Proper deployment of the RiverGen microservices and agent pipeline requires the following dependencies:

ToolVersionPurpose
Docker24+Container runtime
Docker Compose2.20+Multi-service orchestration
Python3.12+PSA service, TLO gateway, backend
Node.js20+Frontend
pnpm9+Frontend package manager
Git2.40+Version control

Implementation Phases

The RiverGen Intelligence Stack is implemented in phases. Each phase adds new capabilities without re-architecture.
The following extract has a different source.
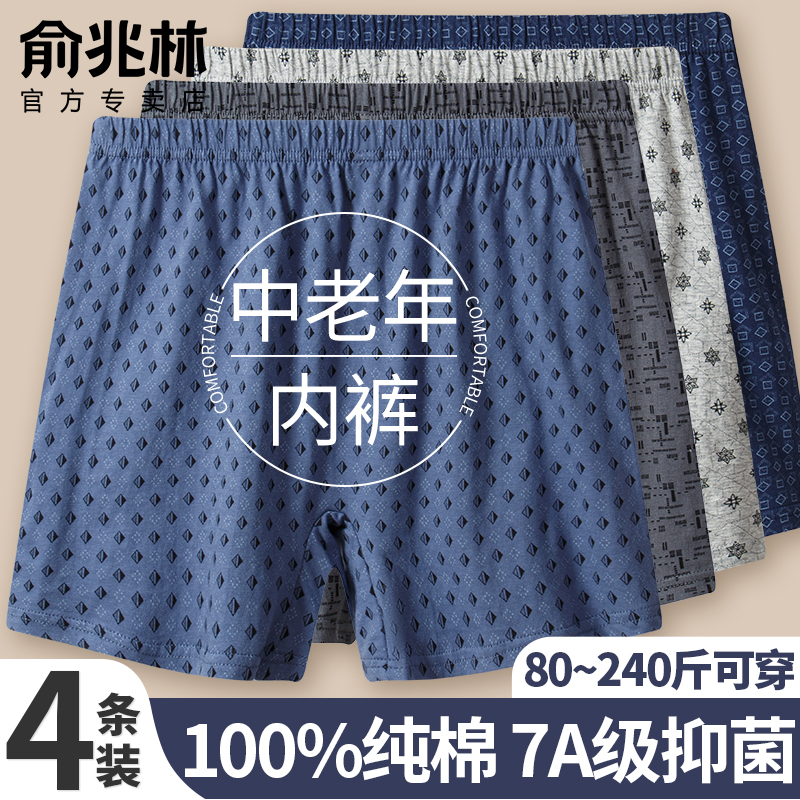Middle-aged and elderly men's underwear, men's cotton boxers, dad loose breathable shorts, fattened plus size boxers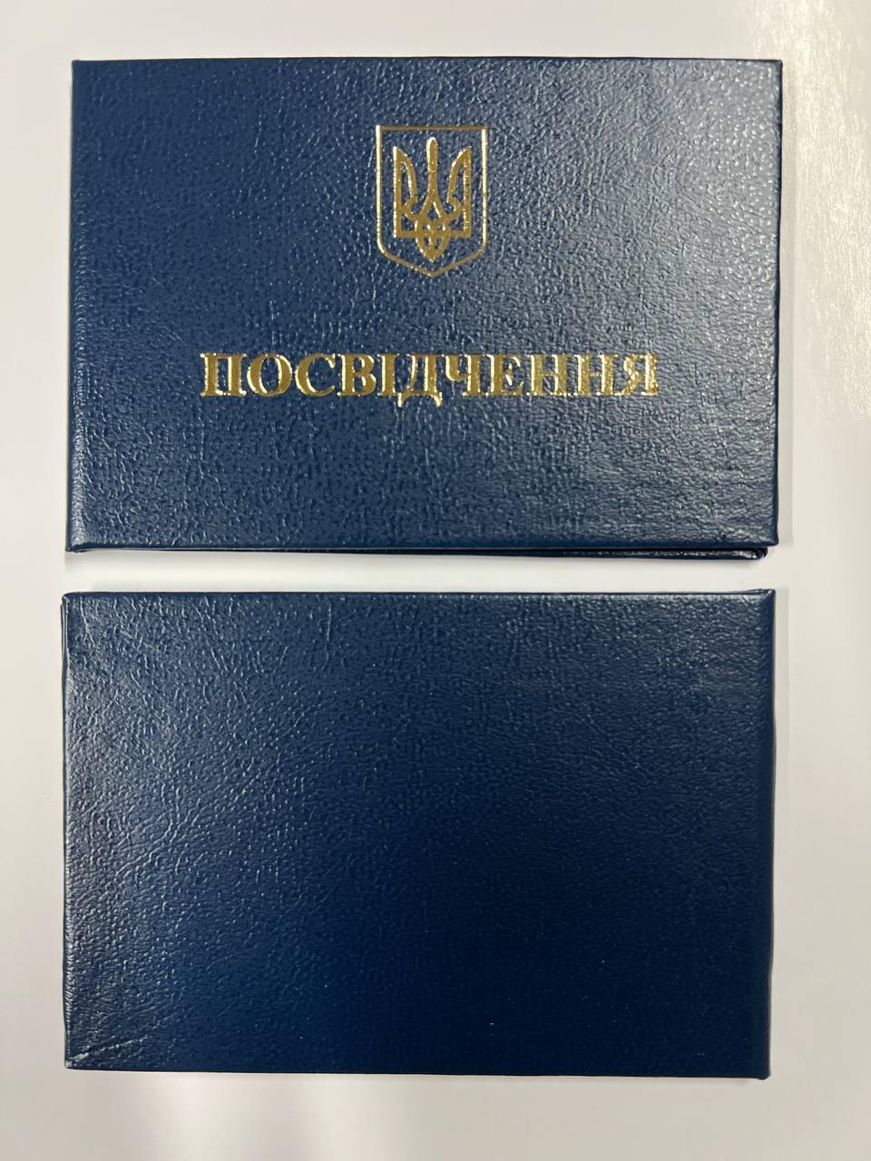 Посвідчення виготовлене з палітурного картону 1,5мм, обтягнуте бумвенілом синього кольору. На титульній стороні тіснення золотими літерами "Посвідчення" та гербом України. Без внутрішнього вклеювання

PhaseWhat ShipsDomain AgentsAI Services
Phase 1 (Current)PSA agentic orchestrator: NL-to-action via tool-calling loop for queries, CRUD, governance, discovery, write-back, administration.PSARiverPlan (partial), RiverGuard (partial), RiverSemantic (partial), RiverViz (partial)
Phase 2Multi-source federation, enhanced write-back with preview / approval / rollback.PSA + federation + write safety toolsRiverOptimize (initial), RiverCore (multi-provider)
Phase 3Model Studio, Decision Intelligence.MSA, DIARiverDecide, RiverLearn (initial)
Phase 4Full governance automation, operational workflows.GA, OSARiverObserve, RiverLearn (full)

Environment Variables

PSA Service (Dynamic Orchestrator)

Provisional setup: The PSA service (rgen-repo-ai) is being redesigned as a complete dynamic orchestrator with tool-calling. It can perform any action the user can do via the UI -- queries, CRUD, governance, write-back, etc. The setup steps below are provisional and will be updated as the redesign progresses.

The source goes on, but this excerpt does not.